▽
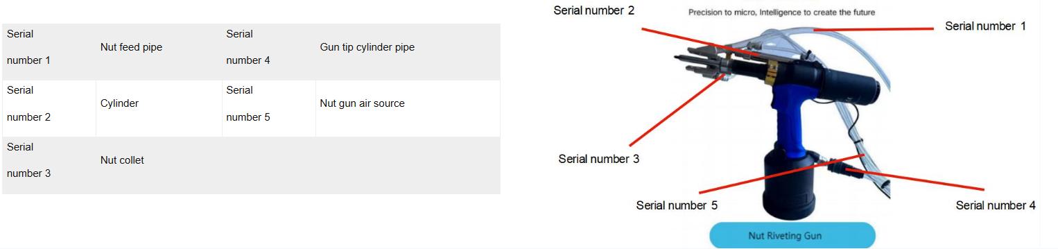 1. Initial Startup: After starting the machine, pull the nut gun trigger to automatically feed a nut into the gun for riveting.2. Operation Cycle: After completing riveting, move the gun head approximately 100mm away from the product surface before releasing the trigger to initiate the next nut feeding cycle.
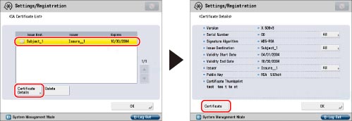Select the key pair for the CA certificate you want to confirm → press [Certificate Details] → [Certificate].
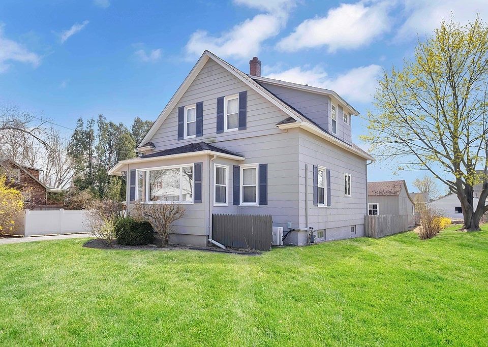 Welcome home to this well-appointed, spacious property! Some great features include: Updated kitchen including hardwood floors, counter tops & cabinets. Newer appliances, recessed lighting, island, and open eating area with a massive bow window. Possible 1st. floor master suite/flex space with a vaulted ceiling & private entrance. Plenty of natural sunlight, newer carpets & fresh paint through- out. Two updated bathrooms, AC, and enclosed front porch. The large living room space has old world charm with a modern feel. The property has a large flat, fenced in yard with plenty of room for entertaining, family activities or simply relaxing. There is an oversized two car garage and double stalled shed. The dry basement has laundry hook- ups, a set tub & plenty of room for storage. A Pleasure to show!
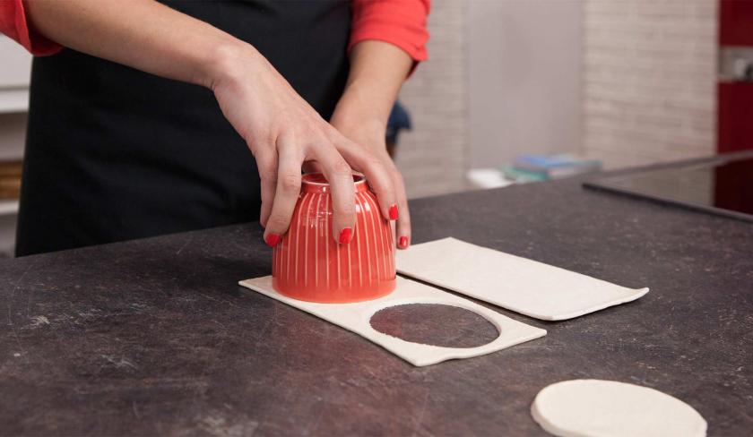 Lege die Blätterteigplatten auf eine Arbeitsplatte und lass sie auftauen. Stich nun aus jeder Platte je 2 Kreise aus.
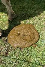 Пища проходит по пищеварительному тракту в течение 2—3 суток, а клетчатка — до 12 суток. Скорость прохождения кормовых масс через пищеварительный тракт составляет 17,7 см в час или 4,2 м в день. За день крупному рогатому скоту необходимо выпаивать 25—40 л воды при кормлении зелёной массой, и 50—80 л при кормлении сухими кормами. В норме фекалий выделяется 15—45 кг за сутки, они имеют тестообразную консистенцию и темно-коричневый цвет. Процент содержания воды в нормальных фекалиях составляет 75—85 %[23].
△
_THE TASK_. The copy must begin with the line containing "Lege die Blätterteigplatten", end with the last line of the material, match each line exactly, and hold no pictures.

_PROBLEM SOLUTION_.
 Lege die Blätterteigplatten auf eine Arbeitsplatte und lass sie auftauen. Stich nun aus jeder Platte je 2 Kreise aus.
 Пища проходит по пищеварительному тракту в течение 2—3 суток, а клетчатка — до 12 суток. Скорость прохождения кормовых масс через пищеварительный тракт составляет 17,7 см в час или 4,2 м в день. За день крупному рогатому скоту необходимо выпаивать 25—40 л воды при кормлении зелёной массой, и 50—80 л при кормлении сухими кормами. В норме фекалий выделяется 15—45 кг за сутки, они имеют тестообразную консистенцию и темно-коричневый цвет. Процент содержания воды в нормальных фекалиях составляет 75—85 %[23].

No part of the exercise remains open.